There you have it, the essential elements of writing a JPEG image: convert the image from RGB to YCbCr so we isolate the brightness, throw away some of the colour, convert to the frequency domain, throw away some of the precision of the frequency information, and compress the resulting data.
What happens when you read an image back in? Essentially you just need to reverse each step of the encoding process. Let’s step through it.
The first step is to decompress the quantized (divided and rounded) frequency data. Since this data was compressed losslessly, the result will be exactly the same as in Step 5 above.
Next we need to reverse the quantization process. We use the same procedure as before, but instead of dividing by the numbers in the tables, we multiply. Since we rounded the numbers, we won’t get exactly the same numbers back. The result is an imperfect approximation of the original frequency data, limited to the precision allowed by the quantization tables. The lower the quality setting, the larger the divisiors in the quantization tables, the more precision is going to be lost from the missing decimal bits, and the less accurate our reconstruction will be now.
Now that we have reconstructed the frequency information, we need to transform it back from the frequency domain to the spatial domain. This is no problem. The transform that we used during encoding has an inverse that does the job. Now that it is in a more recognizable form, we can start to judge the how perceptible the information loss is.
In order to combine the channels back into a single image, we need to scale the two colour channels Cb and Cr back up to their orignal size.

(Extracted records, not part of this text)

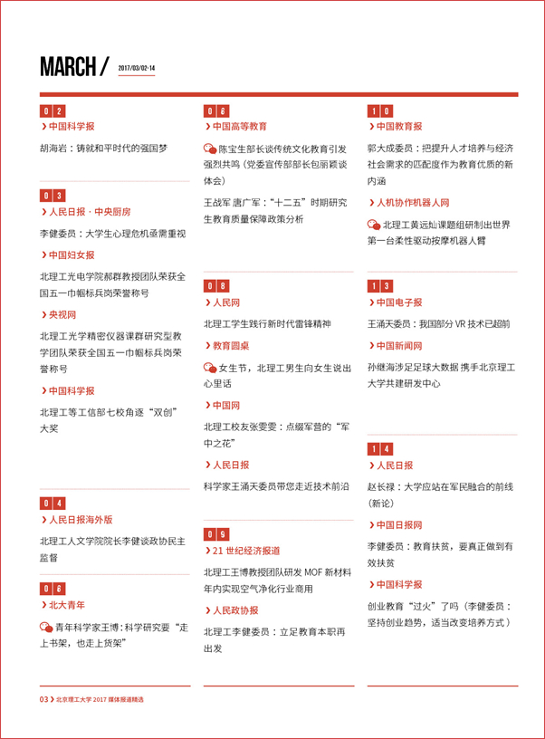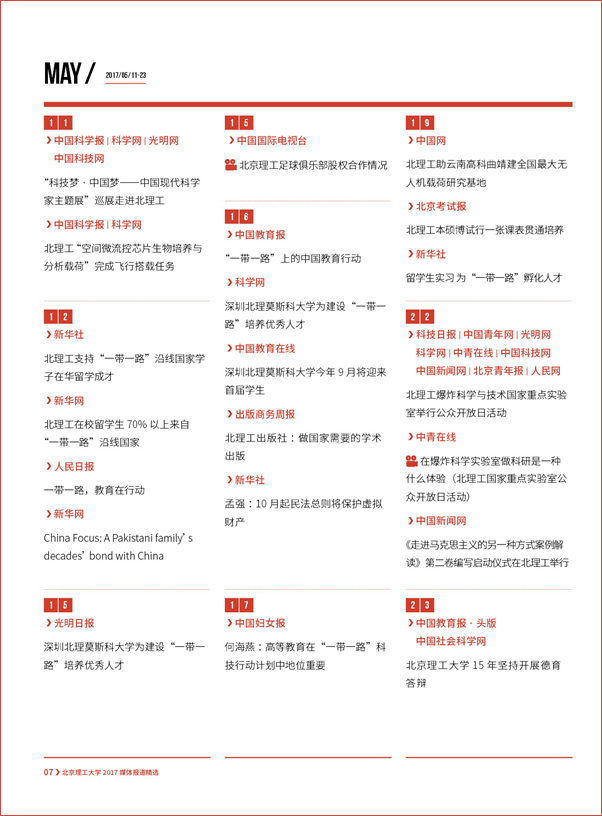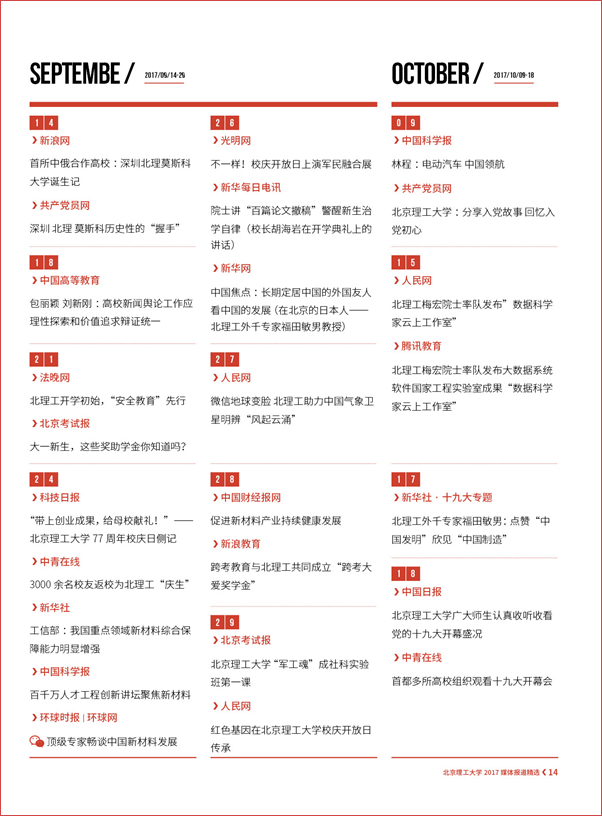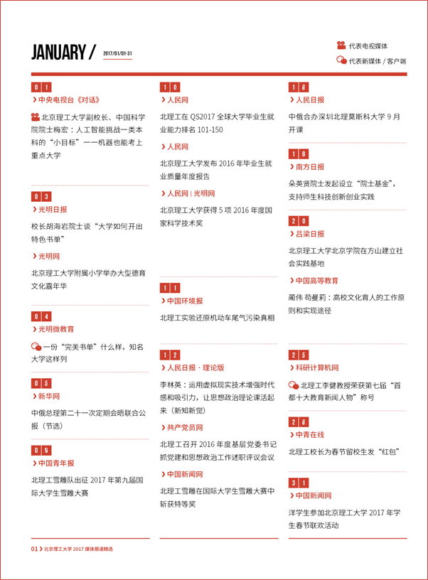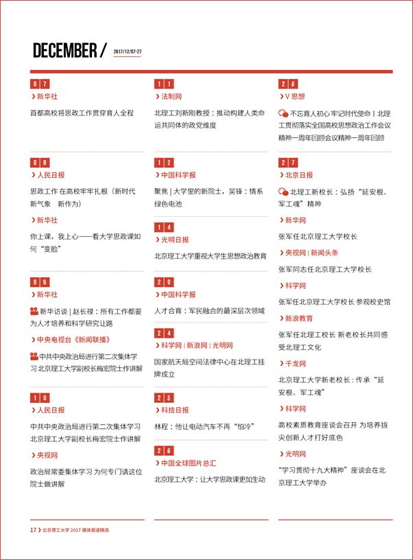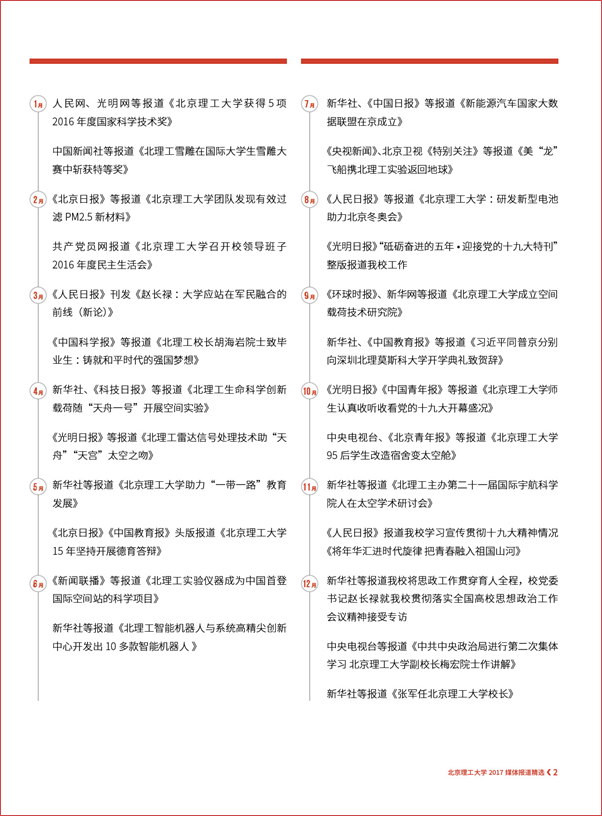 【编者按】“围绕中心、服务大局、内聚力量、外树形象”,伟德bevictor中文版官网党委宣传部始终坚持正面宣传、坚持团结稳定鼓劲,坚持落实“两个巩固”的根本任务,牢牢掌握新闻舆论的主导权话语权,涵养化育一流大学文化,把新闻宣传工作作为展示高等教育改革发展成就的重要窗口,加强对外宣传工作的展示、塑造、公关、疏导、传播和对接的功能。2017年,党委宣传部聚焦学校立德树人根本任务和中国特色世界一流大学建设,统筹内宣外宣,主动设置议题,提升策划能力,加强媒体沟通,推动社会媒体对北理工的正面报道长流水、不断线,促进学校对外宣传从平面媒体向多媒介转变、从简短报道向纵深报道转变,进一步提升学校美誉度和影响力。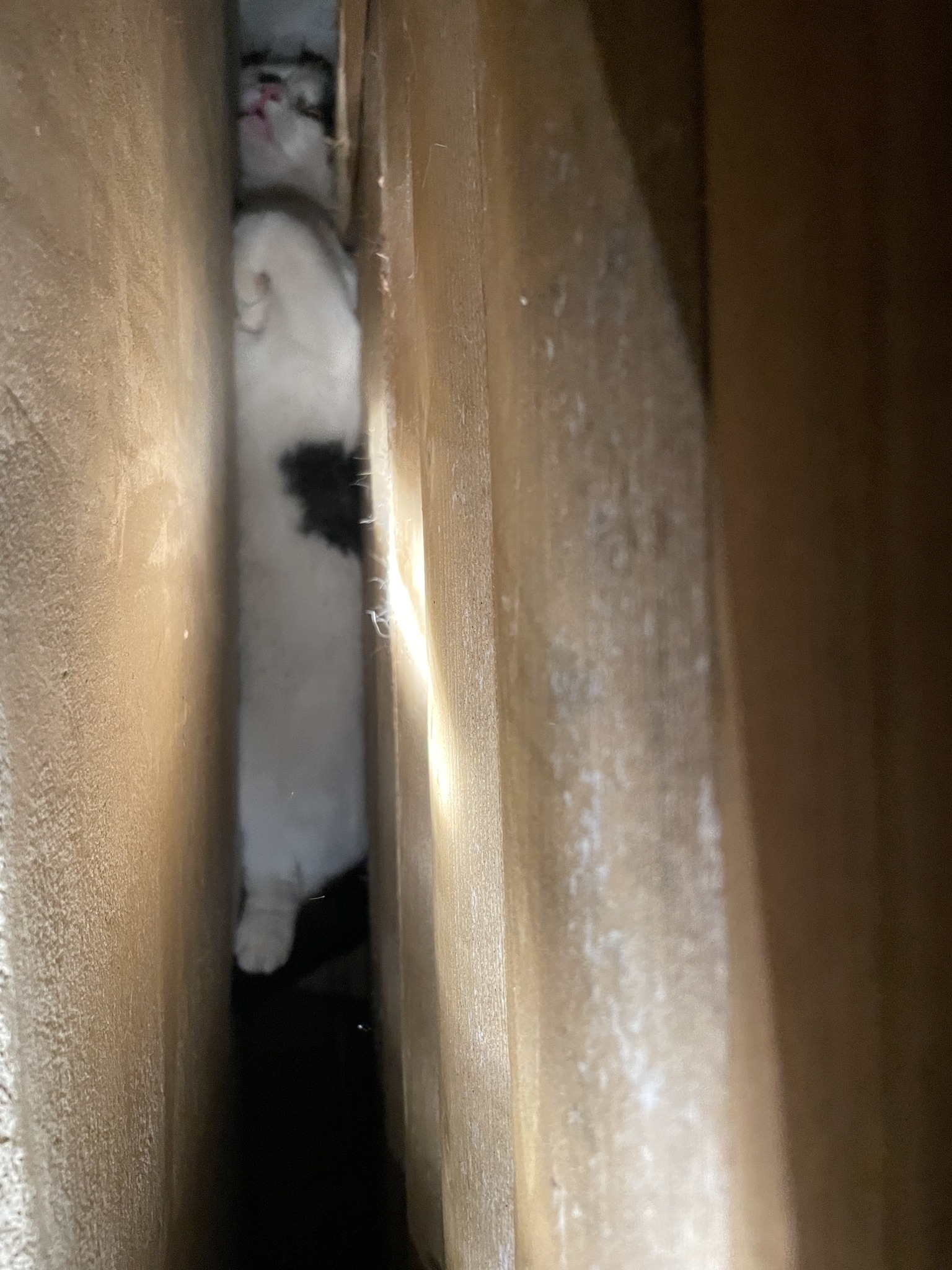 Eine Katze war in einen Spalt zwischen einer Gartenmauer und einer Gartenhütte gestürzt, kam am Rücken zu liegen und konnte sich nicht mehr selbst aus der Lage befreien. Nach Auskunft der Besitzerin war sie bereits seit zwei Tagen abgängig.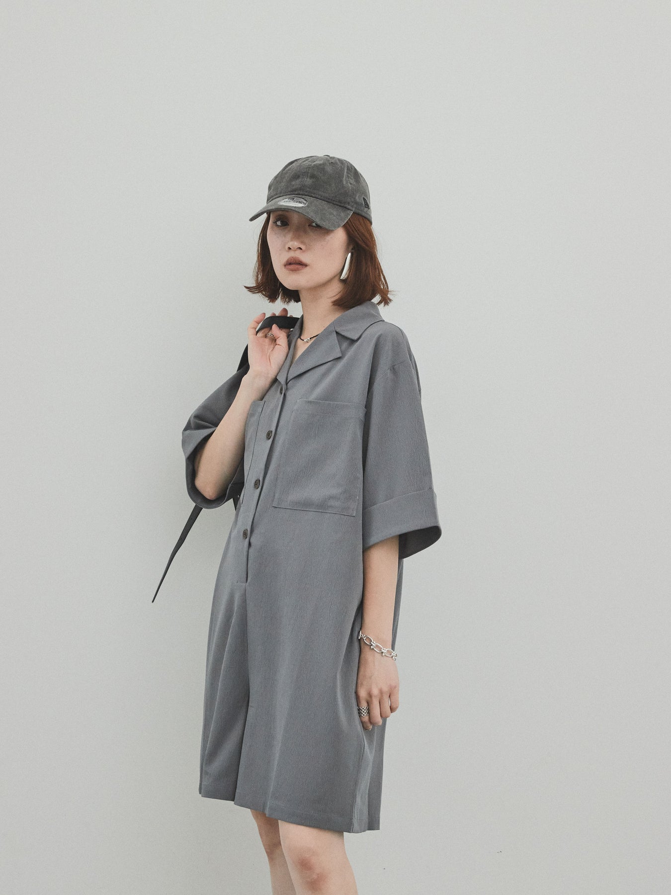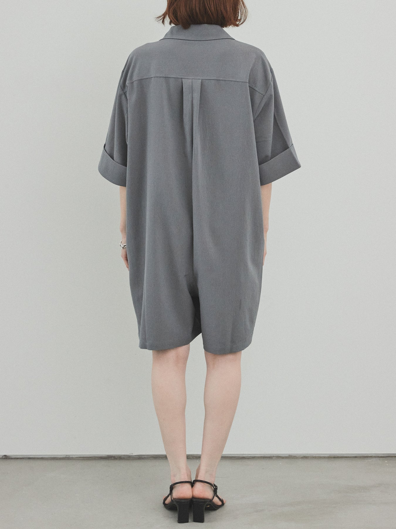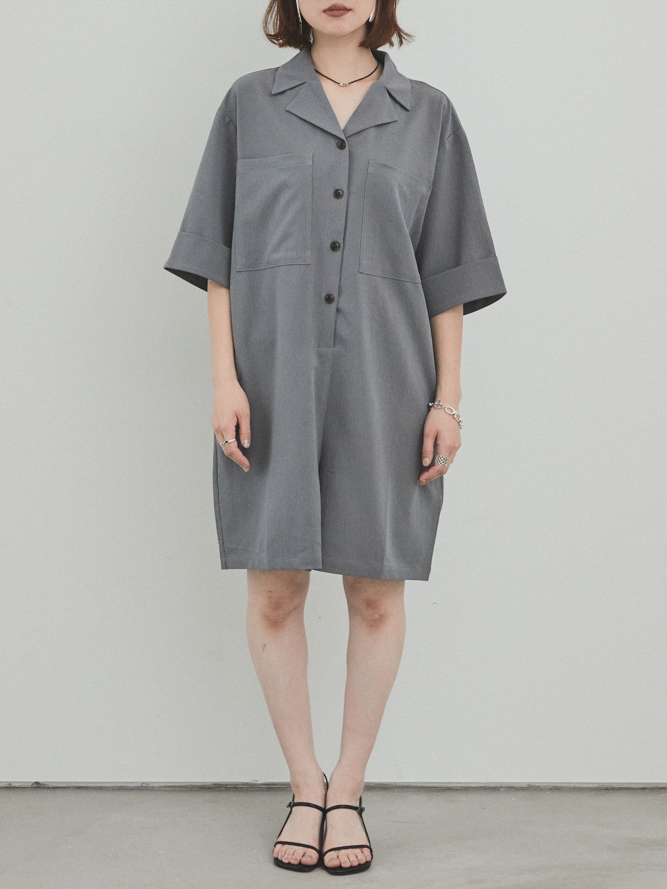 [預購] 縐雪紡襯衫連身衣/灰色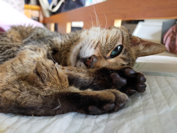 最近は写真みたいに後ろ足を抱えるような寝相が多いです笑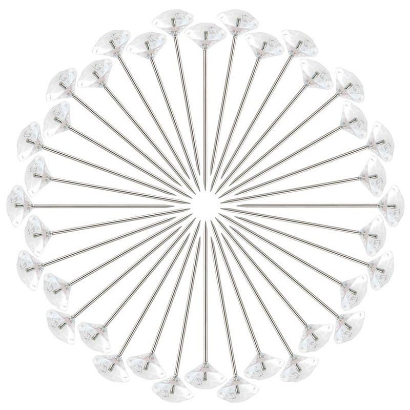 - Perfect Size Head Pins :Steel metal bits, plastic diamond: not easy to bend when decorating bridal bouquets.Metal bits length: metal bits is 1.85 inch; Diamond diameter: 8 mm; Total diamond head pins length: 2 inch.

But the information we threw away is gone, so we will have to approximate it with interpolation. We will fill in missing pixels by taking an average of the surrounding pixels that are still there. There are different ways to do this, and none of them is perfect. The scaled up image will tend to be either blocky or blurry, depending on the method used.
At this point we have a complete image, but it is still in the YCbCr colour space, which a computer can’t display directly. We need to transform it back to the RGB colour space that we started with.
Note: As before, I have scaled this illustration down to a reasonable size. All six of these channels are the same size as the original image.
Finally, we can combine the separate R, G, and B channels back into a single image and display the result. For comparison, both the original input image and the decoded output image are shown at left. Below that is a “difference image” that highlights discrepencies between the two: darker pixels mean the output varies more from the input at that location.
There you have it. We have taken an input image, encoded it, decoded it, and gotten a similar image back. That’s JPEG. Now that you've seen the whole process, try going back and experimenting with some of the other images.